Banyak komen atau opini pasca pengumuman K-Rewards Maret oleh admin Kompasiana beberapa waktu yang lalu. Sebagai salah satu warga Kompasiana saya juga cukup terkesima dan dengan bahasa lain juga sedikit kecewa. Mengapa?
Ternyata eh ternyata serasa kemampuan diri menulis telah di titik puncak untuk mengerahkan segala daya memproduksi tulisan dengan cerita yang bombastis untuk menarik para pembaca dan juga tentunya mengejar titel lain yang bergengsi seperti artikel headline dan pilihan namun hasilnya belum menggembirakan baik secara keterbacaan maupun reward yang diterima.
Ternyata tujuan awal ini yang sebenarnya adalah jadi masalah!
Sebuah mindset yang terselewengkan dari tujuan mulia. Menulis adalah esensi, sebuah hal yang pokok, sebuah ideologi.
Layaknya sebuah ideologi maka menulis adalah sebuah hakikat dan didalamnya terkandung nilai-nilai kehidupan. Terjebak pada tujuan popularitas, maestro, pakar atau label lainnya membuat ideologi seorang penulis menjadi kabur dan kehilangan arah. Meskipun ganjaran akan sebuah karya tulis di beberapa negara maju adalah berada pada ruang yang maha tinggi dan sangat dihargai baik secara materi maupun non materil. Tidak perlu menampilkan siapa-siapa mereka yang dari karya tulisannya juga menghidupi bahkan menjadi jutawan dan milyarder.
Daripada melihat label jutawan atau milyarder (kerjaan bodoh menghitung rejeki orang lain) dan tentunya disanjung sebagai penulis hebat, saya terfokus kepada mereka dan mencari tahu mengapa bisa berlabel penulis yang hebat.

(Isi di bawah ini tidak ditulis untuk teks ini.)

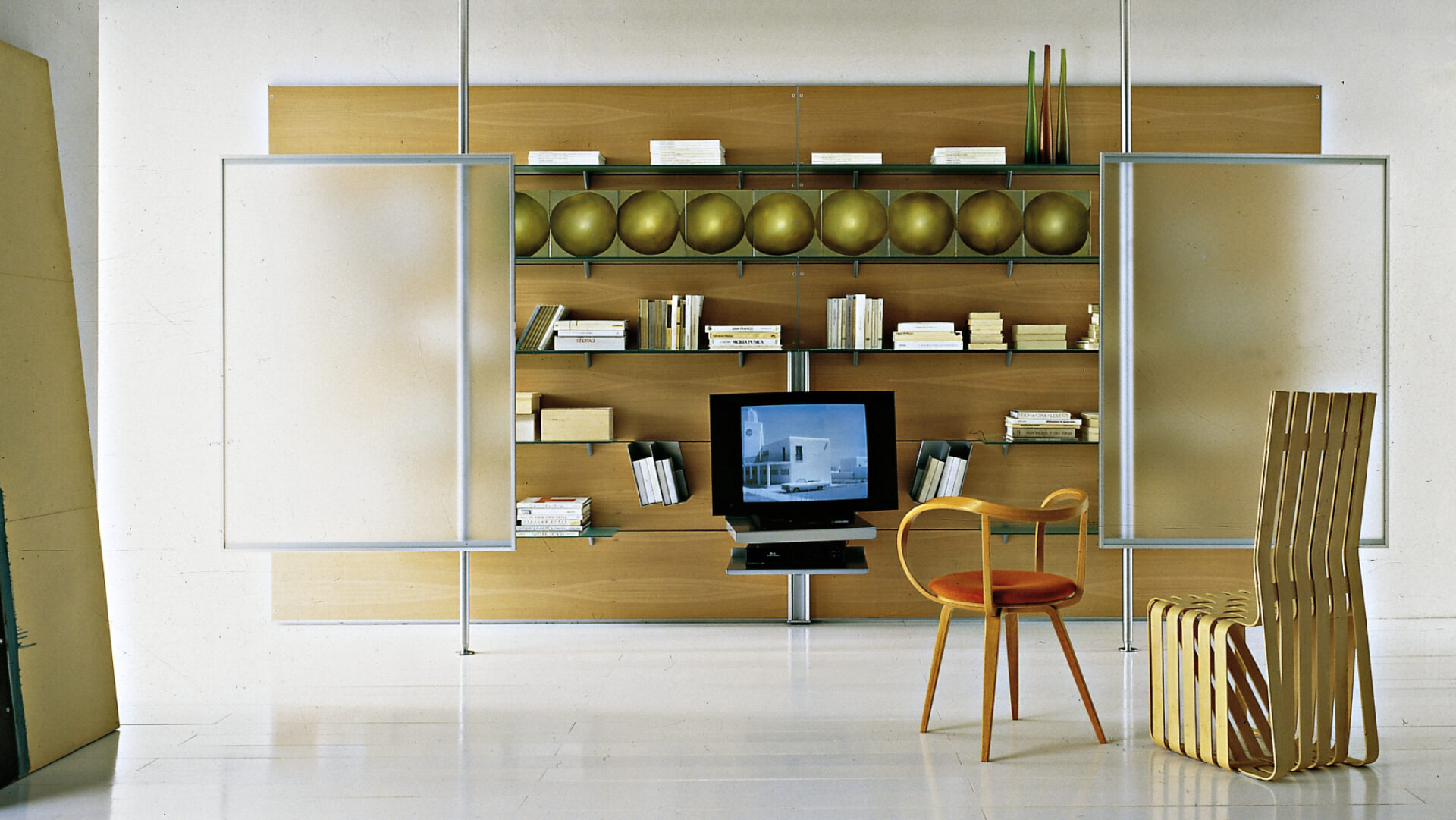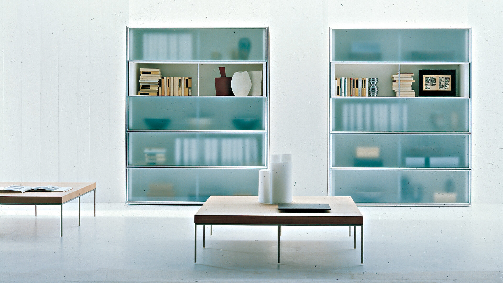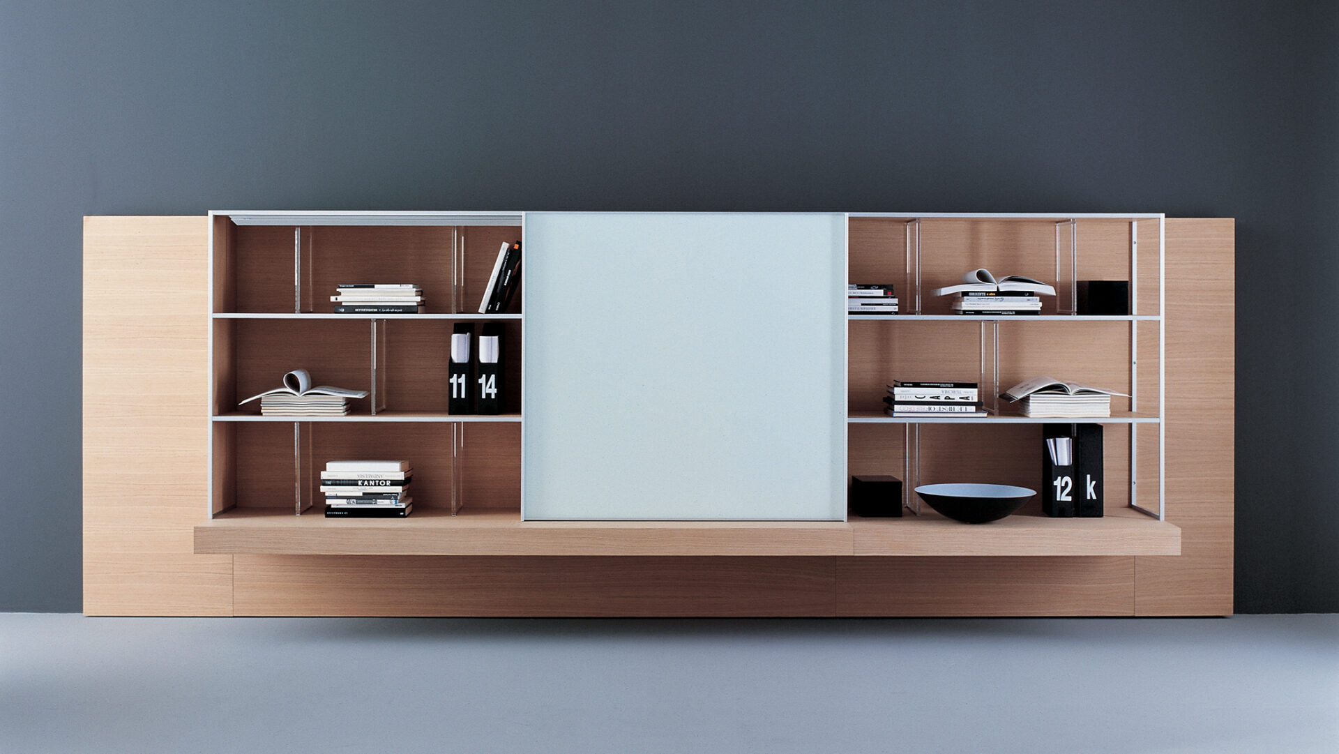 A modular storage system extending beyond the traditional wardrobe to include bookcases, display units, and modular wall-mounted compositions. Developed with B&B Italia’s R&D Centre, it introduced an innovative vertical sliding-door mechanism that replaced traditional hinged openings.

Apakah mereka adalah seorang yang secara ilmiah menciptakan formula khusus menjawab terhadap permasalahan-permasalahan hidup? Atau apakah mereka terlahir sebagai “seorang diri” dengan pemikiran “istimewa” dengan label “pencipta”? Istimewa karena sangat orisinil dengan pemikiran dan pengetahuan layaknya seorang professor dengan ide dan gagasan yang termutahir?
Pencipta hal atau benda yang benar-benar baru dan sama sekali belum ada manusia yang pernah membuatnya sebelumnya? Saya pastikan tidak! Tidak ada sama sekali, termasuk yang ngaku profesor siapapun di Kompasiana ini. "Macam betol aja!", aksen anak Medan menyebutkannya.
Banyak sekali tulisan atau buah karya menulis sekalipun dengan judul atau tema yang sama yang dilahirkan namun berbeda feedback atau tanggapan dari setiap pembaca. Beberapa kesempatan bila membaca setiap headline atau artikel utama yang terpampang di Kompasiana, yang bila saya atau anda menilainya akan berbeda pendapat atau “rasa” yang akan kita dapatkan. Bahkan pada banyak artikel yang saya baca isinya juga biasa-biasa saja, kuno, bahkan (maaf) basi.
Pikiran berkata saya juga bisa membuat topik yang serupa. Fakta berbicara artikel tersebut adalah headline. Terlepas dari penilaian berikut parameter yang dibuat admin sebagai garda terdepan dan menjadi wasit untuk menilai sebuah tulisan di Kompasiana, bagi saya mungkin anda juga, akan terheran-heran mengapa jerih lelah pikiran atas tulisan yang dibuat tidak diganjar sama.
Lagi-lagi tulisan adalah sebuah esensi, ada rasa dan punya roh.